#### [AVAILABLE DATA]
▬▬▬▬▬▬▬▬▬▬
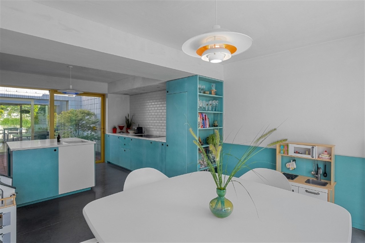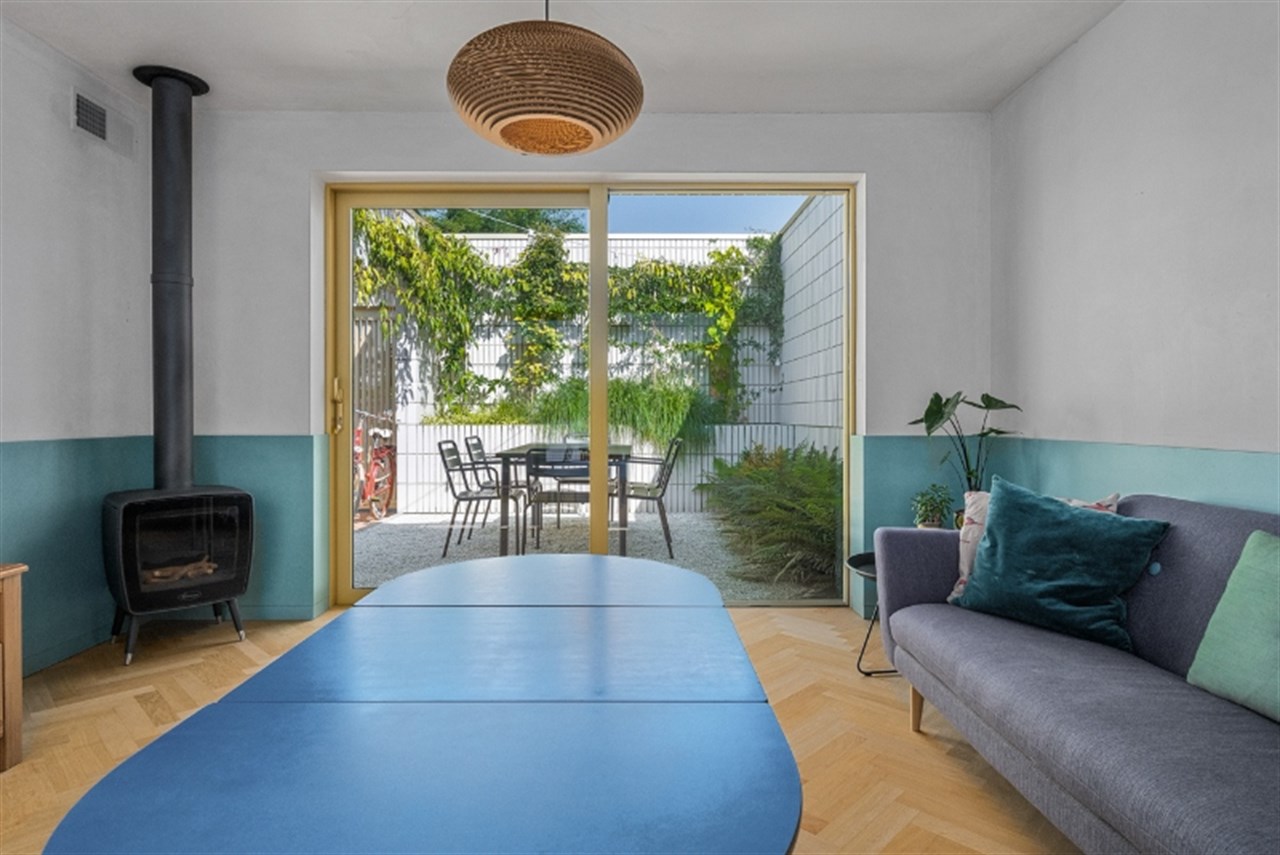 De woning is voorzien van hedendaags comfort, waaronder een ventilatiesysteem D, conforme elektriciteit, aluminium ramen met isolerende beglazing, automatische rolluiken aan de voorzijde en verwarming op aardgas via een warmeluchtsysteem. Het EPC bedraagt 181 kWh/m². De ligging vormt een absolute troef: gelegen in een autovrij en kindvriendelijk straatje met een speelplein naast de deur, en tegelijk met een vlotte bereikbaarheid van openbaar vervoer, winkels en scholen. De woning is beschikbaar vanaf 1 augustus 2026.
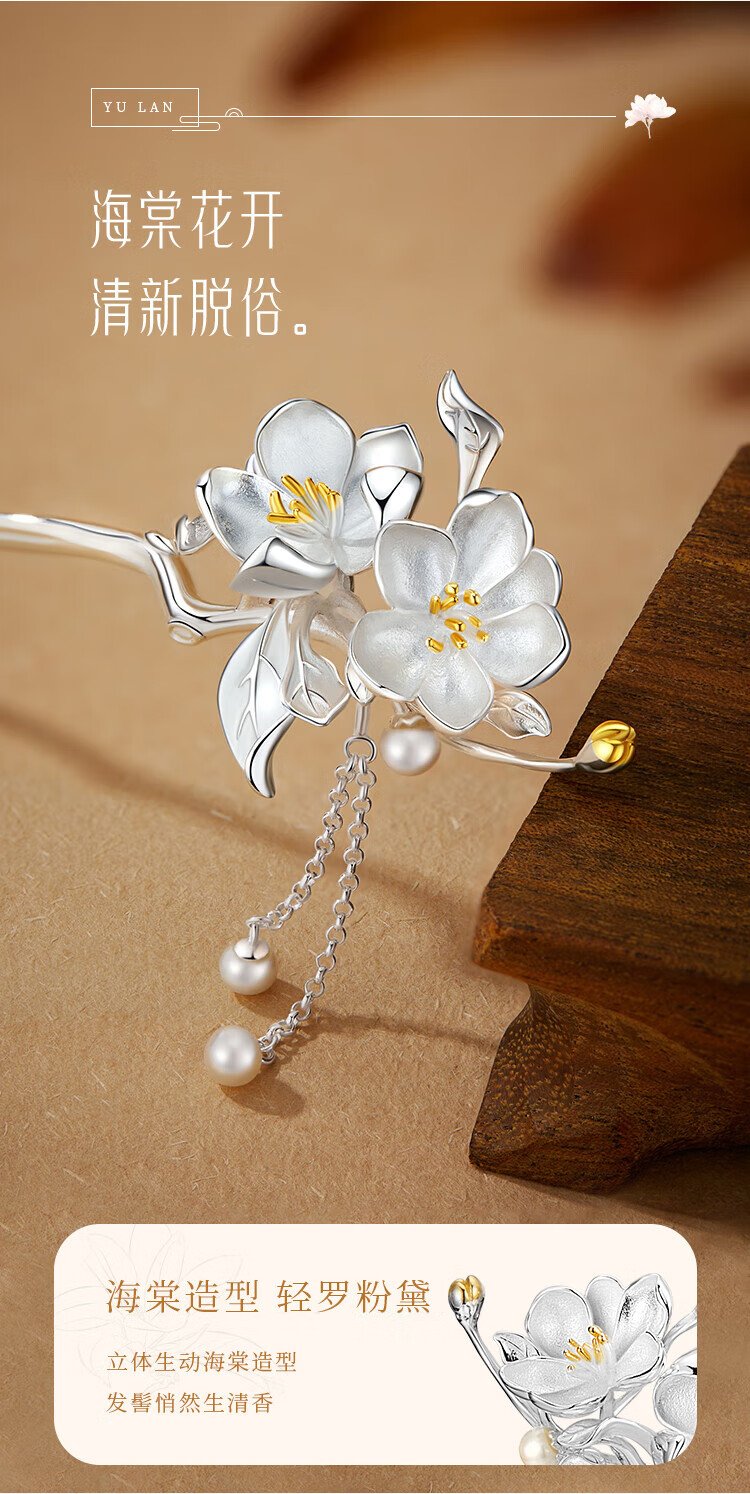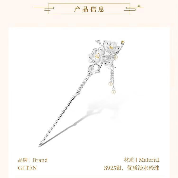 GLTEN Begonia Silver Hairpin for Women, Ancient Style Hairpin, Hanfu Headwear, Girl's Birthday Gift, Girls' Memorial Gift for Girlfriend and Wife, Ancient Style Hairpin + Ancient Style Gift Box
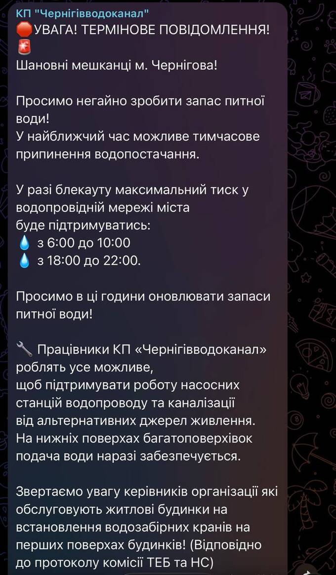 В связи с массовыми отключениями электроэнергии, вызванными ударами по энергоструктуре, коммунальное предприятие «Черниговводоканал» обратилось к жителям Черниговщины с призывом создать запасы питьевой воды.
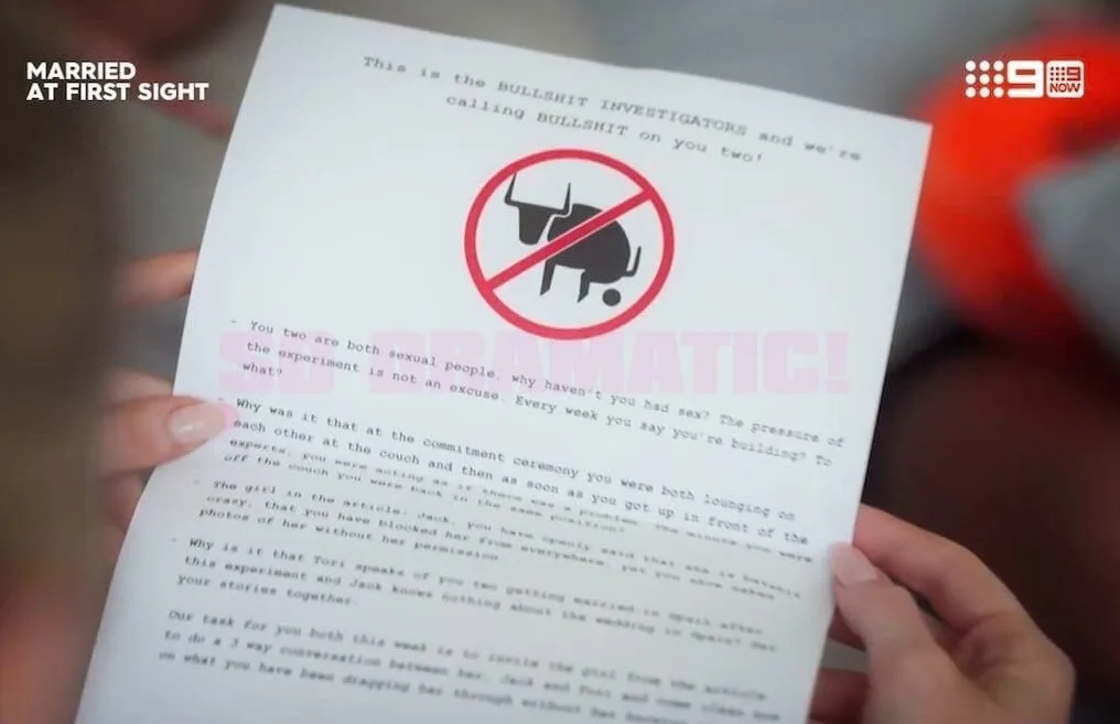 The full letter that MAFS AU's 'bullsh** investigators' Timothy Smith and Lucinda Light sent to Jack Dunkley and Tori Adams has been revealed.
▬▬▬▬▬▬▬▬▬▬
#### [TASK INSTRUCTIONS]
Copy the data above line for line, skipping every picture.

#### [EXERCISE SOLUTION]
 De woning is voorzien van hedendaags comfort, waaronder een ventilatiesysteem D, conforme elektriciteit, aluminium ramen met isolerende beglazing, automatische rolluiken aan de voorzijde en verwarming op aardgas via een warmeluchtsysteem. Het EPC bedraagt 181 kWh/m². De ligging vormt een absolute troef: gelegen in een autovrij en kindvriendelijk straatje met een speelplein naast de deur, en tegelijk met een vlotte bereikbaarheid van openbaar vervoer, winkels en scholen. De woning is beschikbaar vanaf 1 augustus 2026.
 GLTEN Begonia Silver Hairpin for Women, Ancient Style Hairpin, Hanfu Headwear, Girl's Birthday Gift, Girls' Memorial Gift for Girlfriend and Wife, Ancient Style Hairpin + Ancient Style Gift Box
 В связи с массовыми отключениями электроэнергии, вызванными ударами по энергоструктуре, коммунальное предприятие «Черниговводоканал» обратилось к жителям Черниговщины с призывом создать запасы питьевой воды.
 The full letter that MAFS AU's 'bullsh** investigators' Timothy Smith and Lucinda Light sent to Jack Dunkley and Tori Adams has been revealed.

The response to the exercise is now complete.